After a week at Riley Hospital, Tincher was sent home where her mother continued the treatments. They involved cleaning her daughter's burns three times a day, a process that lasted about 45 minutes and resulted in excruciating pain.

"I had to quit my job, because I knew how to do it," Miller said. "We had to take her for checkups and, at one point they were talking about skin grafts for her hand. She had to do these exercises and they said that with me making her do these exercises, she wouldn't have the webbing in her hand."

"I could have had a frog hand," Tincher said. "Skin would form and I had to stretch it because you didn't want it to form where it was sometimes. It would rip all the time."

Remarkably, after three weeks of treatments at home, Madison returned to the doctor wearing her softball uniform. She was hoping to be cleared so she could play a game that day.

She was, and she did.

During her recovery, she was introduced to what has become a summer tradition for Madison.

"I was in my room in Riley and one of my nurses was a counselor at Hoosier Burn Camp," Tincher said. "It's really a bunch of firefighters and nurses who are the camp counselors."

Held annually at Camp Tecumseh in Brookston, Hoosier Burn Camp was founded in 1997, thanks to a collaboration between the Indiana State Fire Marshall and Riley Hospital for Children. Completely dependent upon donations, the camp combines the typical fun associated with summer camp with activities designed to help burn victims recover from their physical injuries as well as the psychological trauma that so often goes along with them.

"I was so excited, but it still didn't sound like nearly as much fun as what it really is," Tincher said. "There is swimming and a bunch of activities. I describe it as Disney. I love it so much and every year I couldn't wait to go.

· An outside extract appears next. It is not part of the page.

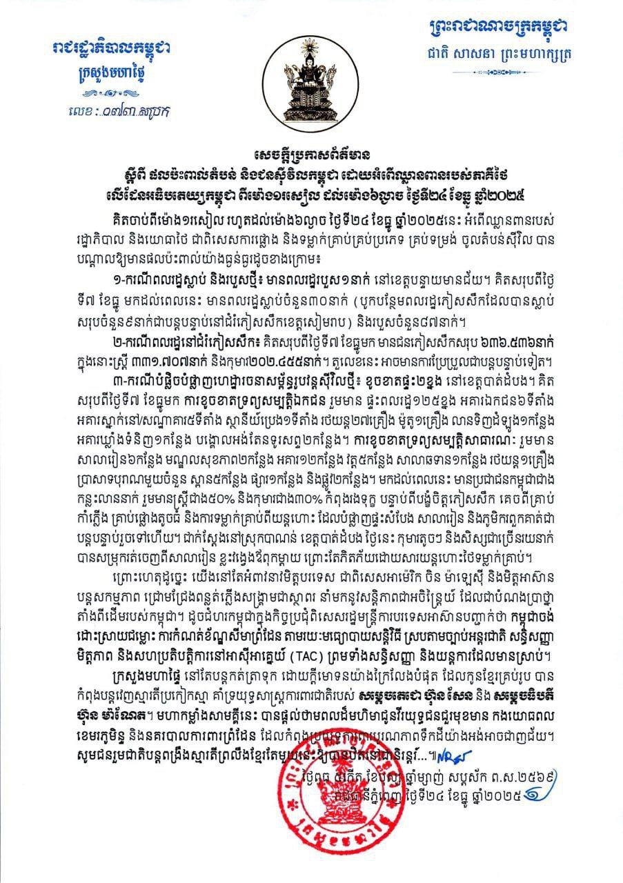 គិតចាប់ពីម៉ោង១រសៀល រហូតដល់ម៉ោង៦ល្ងាច ថ្ងៃទី២៤ ខែធ្នូ ឆ្នាំ២០២៥នេះ អំពើឈ្លានពានរបស់រដ្ឋាភិបាល និងយោធាថៃ ជាពិសេសការផ្លោង និងទម្លាក់គ្រាប់គ្រប់ប្រភេទគ្រប់ទម្រង់ ចូលតំបន់ស៊ីវិល បានបណ្តាលឱ្យមានផលប៉ះពាល់យ៉ាងធ្ងន់ធ្ងរ មានពលរដ្ឋរបួស ០១ នាក់ នៅខេត្តបន្ទាយមានជ័យ។ គិតសរុបពីថ្ងៃទី០៧ ខែធ្នូ មកដល់ពេលនេះ មានពលរដ្ឋស្លាប់ ចំនួន ៣០ នាក់ (បូកបន្ថែមពលរដ្ឋភៀសសឹកដែលបានស្លាប់ សរុបចំនួន ០៩ នាក់ ជាបន្តបន្ទាប់នៅជំរំភៀសសឹកខេត្តសៀមរាប) និងរបួសចំនួន ៨៧ នាក់។

"They do counseling without seeming like you're in counseling," she added. "They do it in such a fun way."

She has attended every year since her accident. The one year she couldn't stay for the whole week was 2017 when her Elwood Panthers were practicing for regionals, a trip that would ultimately end at the state finals. But that year, she did go on visitor's day and made it back in time for practice.

"The week is entirely free for me and all the kids there," she said. "At visitor's day, there's a motorcycle ride that happens to raise money for camp. They bring in fire trucks from all over Indiana and the kids get to ride. Then they have a big cookout for anyone who goes. Anybody can go."

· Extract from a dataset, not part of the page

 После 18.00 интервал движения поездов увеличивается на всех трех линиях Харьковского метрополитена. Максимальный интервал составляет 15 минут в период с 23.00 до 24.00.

Tincher plans to continue attending and values the types of personal relationships that developed through the people she met at the burn camp, including some who have driven from Ohio to watch her play.

But there is one person that she would like to thank and she does not even know who that is.

"I remember the ride (to Riley) in the ambulance," Tincher said. "I felt like I was on a roller coaster because we were going so fast. I don't know who the guy was in the back with me, I was so hot that I felt cold. He just kept telling me, 'You'll be all right.'

"I really wish I knew who he was. I don't even remember a face," she added.

A finalist for the 2019 Red Haven Award, Tincher was awarded both academic and athletic scholarships and will play softball at Huntington University while studying psychology and criminal justice. She graduated with a 4.378 GPA and has an eye on a career as a prosecuting attorney.